Peer influence, strategic discretion and loan defaults in community lending: Evidence from Indian Demonetization


Speaker


Abstract

Prior research on community lending models in microfinance has largely emphasized the benefits of borrower-to-borrower relationships that enable peer monitoring, thus facilitating reliable lending transactions with low servicing costs. We examine whether and how these borrower-to-borrower relationships might also facilitate the spread of loan defaults during a crisis. We investigate this issue through a quasi-experimental design that leverages India’s 2016 demonetization policy, a shock that revoked the legal tender status of 87 percent of the country’s currency in circulation, triggering a massive and unforeseen constraint on borrower liquidity. Using proprietary data on approximately two million borrowers from a leading Indian microlender, we find strong evidence that defaults spread through peer influence: the number of a borrower’s peers who defaulted immediately following demonetization is positively associated with that borrower’s own likelihood of default in subsequent months.
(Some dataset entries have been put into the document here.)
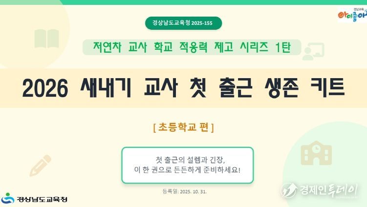 경제인투데이 류현민 기자 | 경상남도교육청은 22일부터 도내 초등학교 신규 교사의 안정적인 학교 정착을 지원하기 위한 『2026 새내기 교사 첫 출근 생존 키트』를 도내 전 초등학교에 배포한다.
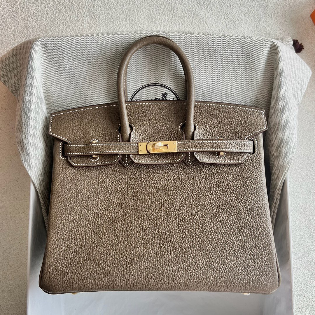 Hermès Birkin 25cm Togo Original Leather from Germany Cow neck stripe leather 颈纹皮 Ck18 Etoupe 大象灰 Gold Hardware(GHW)
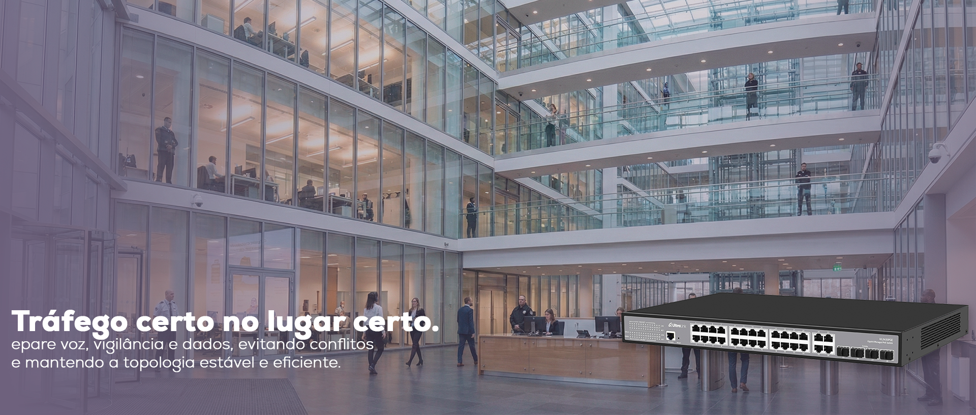 • Até 256 VLANs ativas, incluindo Voice VLAN, Protocol VLAN e Surveillance VLAN

We further find that the strength of this peer influence differed based on a borrower’s level of strategic discretion in making timely loan repayment: borrowers with a greater ability to repay were more influenced by the defaults of their peers (incoming peer influence), and their defaults were also more influential upon their peers (outgoing peer influence). Our study thus uses the unique context of community lending following demonetization to contribute new evidence of peer influence during a crisis, while identifying the particular role of strategic discretion as a key condition underlying such influence.